# Anyone Have Experience With...



## Blackhawk (Jul 23, 2014)

I am in the market for a pipe thawing machine and found a great deal on an older machine. Trindel (Spelling?) F6468 thawing machine. I have used the newer hotshot machines but I was wondering if anyone has any feedback on the older F6468 unit and how it compares to the newer units...?

Would be used for residential use only.


----------



## dhal22 (Jul 30, 2010)

Do you thaw service lines with this tool? Not a tool I see in the south.

David


----------



## SewerRatz (Apr 25, 2009)

We have used Trindl for many years, machine works great.


----------



## shlomy81 (Apr 23, 2012)

We use a lot the ridgid hot shot sf 2500 works great


----------



## Redwood (Sep 8, 2008)

dhal22 said:


> Do you thaw service lines with this tool? Not a tool I see in the south.
> 
> David


You can...
Just drop a copper pipe down to contact the curb stop and clamp there, then clamp onto the service inlet inside the house...

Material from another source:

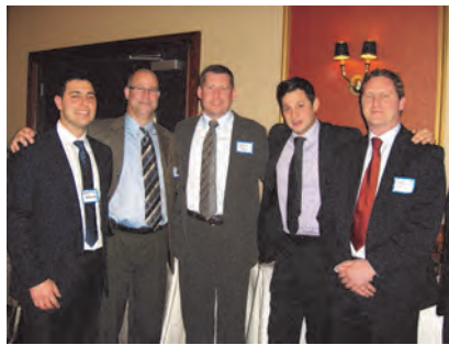
Management Group of Raymond James Ltd., and Levitt Safety | EHS Training & Consulting Services.

Associate Members showcase their goodwill by contributing 50% of revenue generated at their Annual Pub Night 50/50 Draw and Annual General Meeting Trade Show to our MCAH McMaster University Student Chapter. The Annual Christmas Party 50/50 Draw also boosts donations and revenue proceeds back to our future generation of industry leaders! Thank you 2012 and 2013 Pub Night Sponsors Stepright Capital Planning Inc., Levitt Safety | EHS Training & Consulting Services and Dew Point Insulation!

As long as the service is metal pipe it will work...
Plastic takes a lot longer...:laughing:


----------



## Chauncey (Dec 18, 2008)

*Plastic takes longer*

It depends on how long it takes the ground to get too 33 degrees.



Redwood said:


> You can...
> Just drop a copper pipe down to contact the curb stop and clamp there, then clamp onto the service inlet inside the house...
> 
> As long as the service is metal pipe it will work...
> Plastic takes a lot longer...:laughing:


----------